His eyes were gray—a deep, pure gray without a hint of green or blue. The brows over them were strongly arched and tended to draw together in concentration. His hair was black and thick and flowed over his collar. An artistic touch that a number of women had enjoyed.

Again, until recently.

He brooded over the fact that it had been months since he’d been with a woman—since he’d wanted to. Overwork again? he wondered. A byproduct of stress? Why would he be stressed when his career was advancing by leaps and bounds? He was healthy. He’d had a complete physical only weeks before.

But you didn’t tell the doctor about the dreams, did you? he reminded himself. The dreams you can’t quite remember when you wake up. The dreams, he admitted, that had pulled him three thousand miles over the ocean.

No, damn it, he hadn’t told the doctor. He wasn’t going that route again. There had been enough psychiatrists in his youth, poking and prodding into his mind, making him feel foolish, exposed, helpless. He was a grown man now and could handle his own dreams.

If he was having a breakdown, it was a perfectly normal one and could be cured by rest, relaxation, and a change of scene.

That’s what he’d come to Ireland for. Only that.

He started the car and began to drive aimlessly.

He’d had dreams before, when he was a boy. Very clear, too realistic dreams. Castles and witches and a woman with tumbling red hair. She’d spoken to him with that lilt of Ireland in her voice. And sometimes she’d spoken in a language he didn’t know—but had understood nonetheless.

There’d been a young girl—that same waterfall of hair, the same blue eyes. They’d laughed together in his dreams. Played together—innocent childhood games. He remembered that his parents had been amused when he’d spoken of his friend. They had passed it off, he thought, as the natural imagination of a sociable only child.

But they’d been concerned when he seemed to know things, to see things, to speak of places and people he couldn’t have had knowledge of. They’d worried over him when his sleep was disturbed night after night—when he began to walk and talk while glazed in dreams.

So, after the doctors, the therapists, the endless sessions, and those quick, searching looks that adults thought children couldn’t interpret, he’d stopped speaking of them.

And as he’d grown older, the young girl had grown as well.
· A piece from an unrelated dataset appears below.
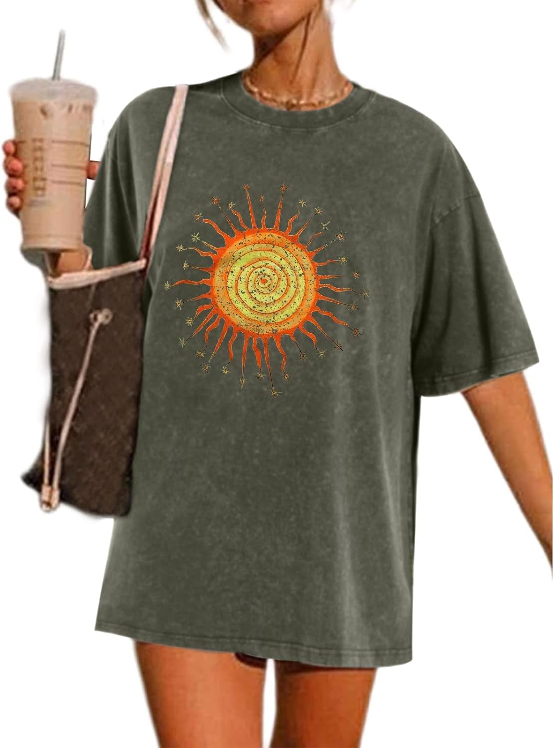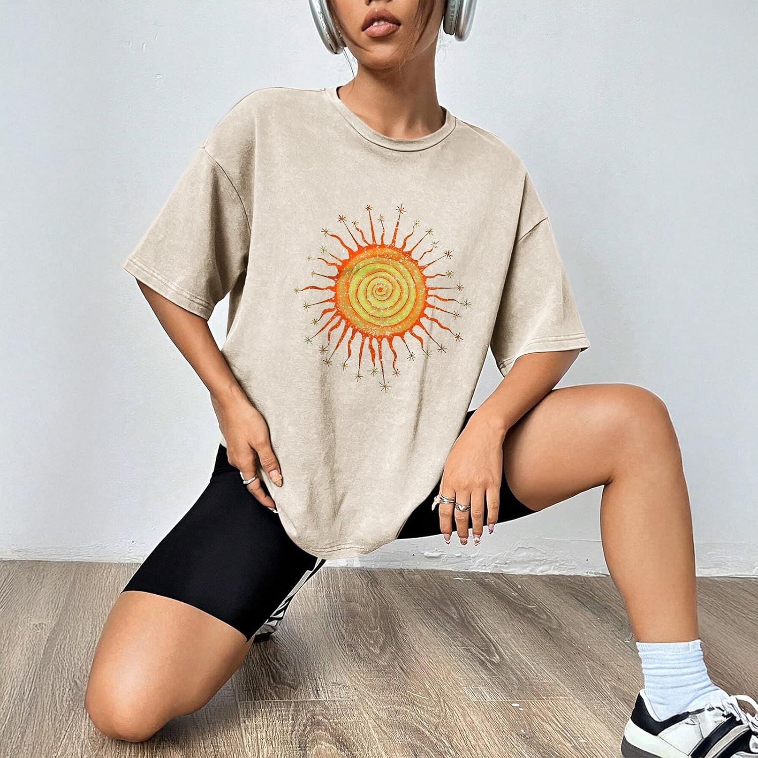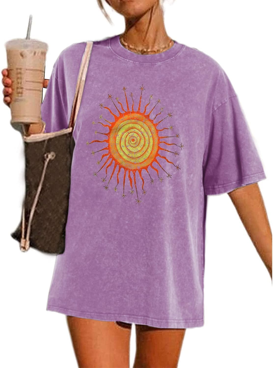Wrenpies Vintage Oversized Sun Graphic Tees Aesthetic Casual Summer Tops

Tall and slim and lovely—young breasts, narrow waist, long legs. Feelings and needs for her that weren’t so innocent had begun to stir.

It had frightened him, and it had angered him. Until he’d blocked out that soft voice that came in the night. Until he’d turned away from the image that haunted his dreams. Finally, it had stopped. The dreams stopped. The little flickers in his mind that told him where to find lost keys or had him reaching for the phone an instant before it rang ceased.
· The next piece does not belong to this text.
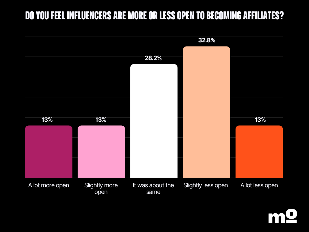 But here’s the other side of the coin: In 2024, more than 63% of marketers said influencers were increasingly open to becoming affiliates. This year, that number dropped to 26%. In fact, over 45% of marketers say influencers are less open to becoming affiliates.
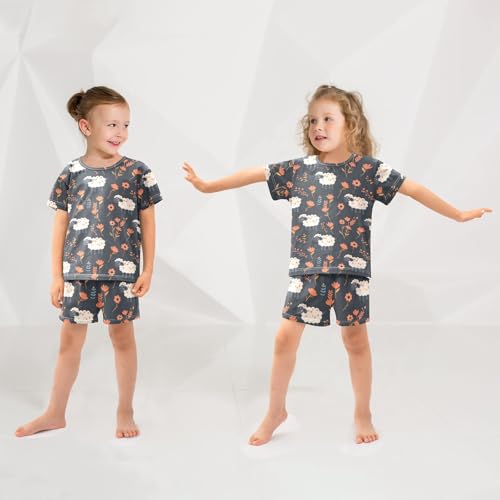 ALAZA Sheep Flower Vintage Pajamas Short Sleeve 2 Piece Sleepwear Top and Bottom Pajama Set Unisex 2

He was comfortable with reality, Cal told himself. Had chosen it. And would choose it again. He was here only to prove to himself that he was an ordinary man suffering from overwork. He would soak up the atmosphere of Ireland, take the pictures that pleased him. And, if necessary, take the pills his doctor had prescribed to help him sleep undisturbed.

He drove along the storm-battered coast, where wind roared in over the sea and held encroaching summer at bay with chilly breath.

Rain pattered the windshield, and fog slithered over the ground. It was hardly a warm welcome, yet he felt at home. As if something, or someone, was waiting to take him in from the storm. He made himself laugh at that. It was just the pleasure of being in a new place, he decided. It was the anticipation of finding new images to capture on film.